Written by: Arjun Malhotra
It was 2:15 a.m. when I woke up to a Slack thread full of failed payment logs and a terse DM: “Are we rolling something?” Our small payments service had a burst of 500-ms timeouts, then errors: checksum mismatches while calling a third‑party adapter. The stack traces pointed to a tiny utility library we’d automatically upgraded the night before.
We were running Renovate with auto‑merge on minor and patch bumps. It saved me a few routine PRs and, at 2 a.m., it also shipped a breaking transitive change from a dependency that changed a function signature (semver lie). Tests had passed in CI because our suite mocked the adapter. Production hit an edge case that CI didn’t cover. I spent the weekend tracing, hot‑fixing, and rebuilding trust with the client. That was the finish line: I flipped the switch and turned automatic merges off.
What I was defending against Automatic dependency upgrades are attractive for small teams. They reduce busywork, keep things current, and close security holes quickly. But they also introduce three practical problems I’d underestimated:
- Semver is not a promise. Libraries sometimes release non‑backwards changes inside minor/patch versions.
- CI ≠ production. Our tests mocked the network/timing realities Indian payments systems expose — slow banks, intermittent retries, and timeouts that only show up with real traffic.
- Speed hides responsibility. With auto‑merge, I stopped reading changelogs. That felt efficient — until it wasn’t.
Turning off automerge felt reactionary. It was, but it forced us to be deliberate.
The new workflow (exact, copyable) I didn’t go back to manual PRs and no automation. I wanted the noise turned down and the safety turned up. Here’s the workflow I implemented and have kept for a year:
- Keep bots, stop auto‑merge
- Renovate (or Dependabot) still opens PRs. I disabled any auto‑merge policy. The PRs become notifications, not automatic deployments.
- Two-tier policy for merges
- Patch-level security fixes: auto‑merge allowed only if a tiny smoke suite passes (see next point).
- Everything else (minor/major): manual approval after checklist.
- The smoke suite
- A GitHub Action runs a focused set of tests on upgrade PRs: a tiny local end‑to‑end against a real containerized instance (no mocks), one payment flow using a test Razorpay sandbox key and a mocked bank response that simulates a slow connection, and a basic latency check. If the smoke suite fails, the PR is blocked.
- These checks run in parallel and complete in under five minutes.
- Changelog gate and “why this matters” PR template
- The PR template requires a one‑line summary of the change from the maintainer or the person merging (link to changelog, breaking notes, and a risk level).
- If the changelog contains “breaking” or “removed”, the PR must be flagged for a short review by the on‑call backend owner.
- Weekly dependency review meeting (15 minutes)
- We batch non‑urgent upgrades and review them on Fridays.

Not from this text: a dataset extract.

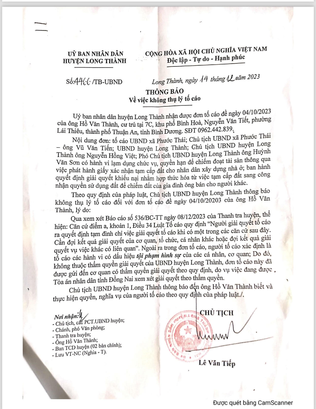 Tuy nhiên ngày 14/12/2023, UBND huyện Long Thành ra Thông báo 4466/TB-UBND không thụ lý tố cáo của ông Thành. Theo đó: “Qua xem xét Báo cáo 536/BC-TT ngày 8/12/2023 của Thanh tra huyện, thể hiện: Căn cứ điểm a khoản 1 Điều 34 Luật Tố cáo quy định “Người giải quyết tố cáo ra quyết định tạm đình chỉ việc giải quyết tố cáo khi có một trong các căn cứ sau đây. Cần đợi kết quả giải quyết của cơ quan, tổ chức, cá nhân khác hoặc đợi kết quả giải quyết vụ việc khác có liên quan””.

Small teams can handle 10–15 dependency PRs this way.
- One automation I kept: security alerts + auto‑patch for critical CVEs
- For CVEs with a CVSS above our threshold, we still allow auto‑merge, but only if the smoke suite passes and the patch is a direct dependency. Transitive auto‑patches are blocked and routed to the on‑call list.
Where this approach bit me (the honest failure) A month after switching off auto‑merge entirely for a period, I got sloppy. We treated dependency updates as “non‑urgent” and missed a critical OpenSSL backport that affected an internal client library. Because no bot had auto-merged it, our library stayed vulnerable for two weeks. We had to do a hot patch, coordinate with three clients, and take a Saturday to push updates. That failure taught me not to swing the pendulum too far toward manual. Automation needs boundaries, not full removal.
Tradeoffs you should expect
- Speed vs. safety: Merges take longer. For our tiny startup that meant slower minor feature rollouts twice a week. I accepted that.
- Cognitive load: Someone has to read changelogs. The 15‑minute weekly review turned out to be less costly than emergency weekend work, but it’s still scheduled time.
- Infrastructure: The smoke suite needs a small bite out of CI minutes. In India, where cloud CI credits are tight, this cost mattered — we capped smoke builds to run only on renovate PRs and used small self‑hosted runners for the heavy parts.
Why this works in practice We reduced weekend pagers to almost zero. Production issues caused by surprise dependency changes dropped to near‑zero. Developers spent ten extra minutes per upgrade PR reading changelogs and writing the one‑line risk note. That discipline changed our culture: we stopped treating dependencies as “someone else’s problem.”
One takeaway Turn off blind auto‑merge. Keep the bot for PR creation and security noise — but require minimal, automated, real‑world smoke tests plus a human check for anything beyond a trivial patch. It costs a few developer minutes each week and saves you a messy midnight. That tradeoff fits a small Indian product team: we pay in scheduled time, not in scrambled weekends.